As modern society relies on the fault-free operation of complex computing systems, system fault-tolerance has become an indispensable requirement. Therefore, we need mechanisms that guarantee correct service in cases where system components fail, be they software or hardware elements. Redundancy patterns are commonly used, for either redundancy in space or redundancy in time.

Wolter’s book details methods of redundancy in time that need to be issued at the right moment. In particular, she addresses the so-called "timeout selection problem", i.e., the question of choosing the right time for different fault-tolerance mechanisms like restart, rejuvenation and checkpointing. Restart indicates the pure system restart, rejuvenation denotes the restart of the operating environment of a task, and checkpointing includes saving the system state periodically and reinitializing the system at the most recent checkpoint upon failure of the system. Her presentation includes a brief introduction to the methods, their detailed stochastic description, and also aspects of their efficient implementation in real-world systems.
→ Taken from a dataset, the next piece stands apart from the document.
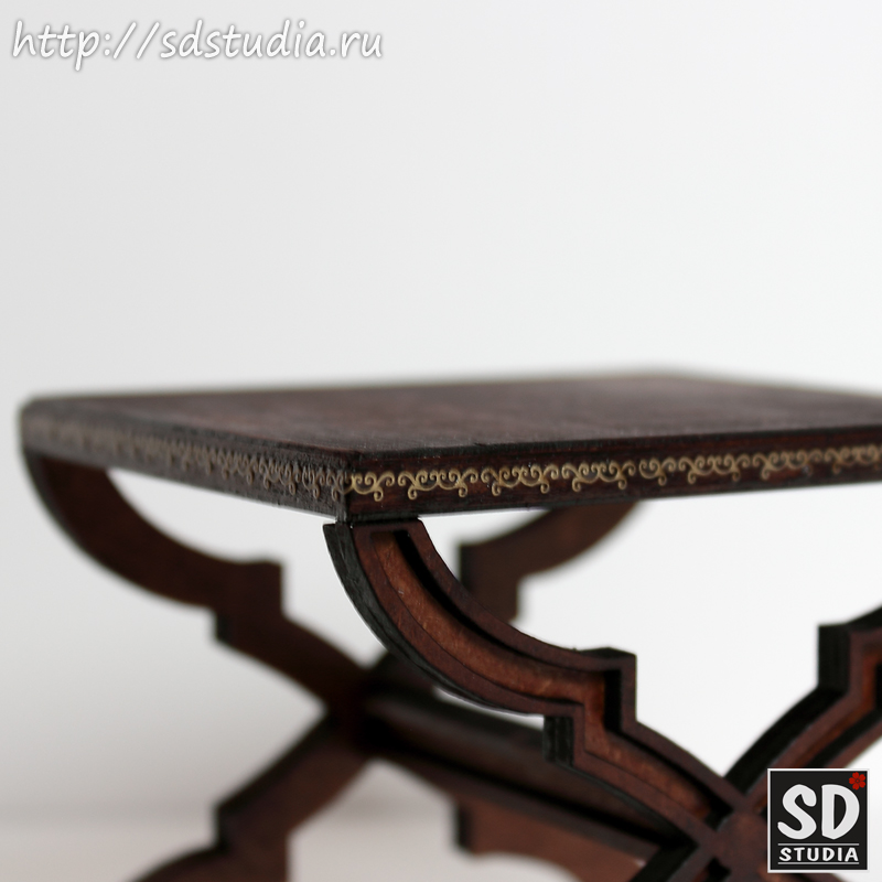 Детали этого мебельного "конструктора" прекрасно склеиваются на клей ПВА. Но мне больше нравится использовать столярный клей "Момент", он быстрее схватывается и держит, на мой взгляд, прочнее. Тут главное - на время склеивания обеспечить плотное прилегание деталей. Детали кукольного столика полностью склеиваются уже через час-полтора и работу по декору можно продолжить. Дополнительную столешницу я так же приклеивала этим столярным клеем. Ее утолщившийся край я декорировала тонким шпоном (так же приклеивала на столярный клей) и украсила изящным узором в "эльфийском" стиле.

The book is targeted at researchers and graduate students in system dependability, stochastic modeling and software reliability. Readers will find here an up-to-date overview of the key theoretical results, making this the only comprehensive text on stochastic models for restart-related problems.

Invitation to Computer Science (7th Edition)

Fuzzy Knowledge Management for the Semantic Web (Studies in Fuzziness and Soft Computing)

The Art of Computer Programming, Volume 4A: Combinatorial Algorithms, Part 1

Cyber Warfare: Techniques, Tactics and Tools for Security Practitioners (2nd Edition)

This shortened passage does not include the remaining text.